# Bulk aging



## patc (May 28, 2009)

Hi all I am new to this board and have a whoooole lot of questions!!!!! and could really use your expertise. When bulk aging using a 6 gallon kit is it better to use a 6 gallon carboy or a five.




I would like to use the 6 but then what do you top it up with similar wine? or should you then use the five instead?


----------



## uavwmn (May 28, 2009)

Seagrape, welcome to the Forum. And I hope you enjoy this wonderful hobby.






What kit are you starting out with?


I have used both the 5 gal and 6 gal carboy. Recently I racked a chardonnay and had to use a 1 liter of commercial chardonnay to top off with.
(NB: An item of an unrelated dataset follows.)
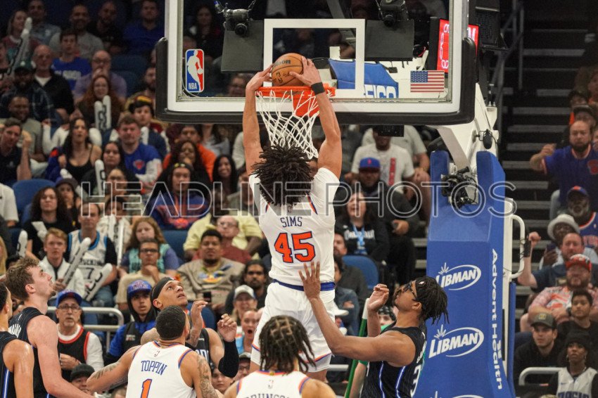 Orlando, Florida, USA, February 7, 2023, New York Knicks center Jericho Sims #45 makes a dunk in the second half at the Amway Center. (Photo Credit: Marty Jean-Louis)

I believe most kits give a lee way for topping off with water and not diluting your wine any.


I hope this helps.


----------



## patc (May 28, 2009)

I'm using a pinot noir from California connisuer it came with the kit, I got the kit as a gift probably would not have been my choice of juice manufacturer but it's my first one so let the games begin!!!! YTThanks for the reply i am going to bulk age with oak chips as the kit sdid not come with it. Hpefully if this turns out O.K. i will try a better kit .


----------



## Tom (May 28, 2009)

1st WELCOME !


If making a 6 gallon kit you will need a 6 gallon carboy. Reason is that you want to keep it full so it don't oxidize from letting oxygen on top of the wine. To top off its best to get a similar wine to add to bring the volume to the neck of the carboy.


----------



## patc (May 28, 2009)

Thank you will do!!!!!


----------



## grapeman (May 28, 2009)

Welcome Seagrape!


Be careful on the first racking. Don't fret about sucking up a bit of lees (dead yeast) when you rack it. Also tip the caroby slightly a fe days ahead of time by placing something an inch or so thick under one side. Yhat lets the lees settle to the low side and you sipon off the high side avoiding the lees. That keeps loss and subsequent top up to a minimum.


----------



## patc (May 28, 2009)

Thanks, Also if you have to top up and decide to bulk age before clearing and adding the fining agent and the P sorbate would using a commercial wine mess anything up? additionally what if i did not wnat to use the finning agent and the wine was pretty clear do i have to?


----------



## JimCook (May 28, 2009)

Time acts as a great fining agent for kits that don't have fine, suspended particles. I personally have not used fining agents on one of my kits for some time as I let them bulk age for a bit before bottling. Topping up with a commercial wine will not provide an adverse effect in your kit (provided you top red with red and white with white in general). If the wine ends up being clear enough for your taste, then why not just leave it? I believe, 'why strip when you don't need to,' although that is just my humble opinion.


Two important notes: 1) Add 1/4 tsp. of K-Meta to your bulk-aging kit every two months to keep sulfite levels up. 2) If you are using oak cubes to oak your wine, use a small amount and then test the wine on a regular basis to see how it's coming along. 


- Jim


----------



## uavwmn (Aug 21, 2009)

Jim, wasn't it you or maybe Appleman that provided a chart that showed the various oaks and how to use them?? I am looking thru threads looking for it.


----------



## vcasey (Aug 21, 2009)

Here is the linkhttp://www.thebarrelmill.com/toast.html


----------



## JimCook (Aug 21, 2009)

Uavwmn,


Stavin provides information about the different toasting levels combined with different oak types at http://www.stavin.com/oak/intro.htm- click on the 'French,' 'American,' and/or 'Hungarian' links at the bottom of the page.


- Jim


----------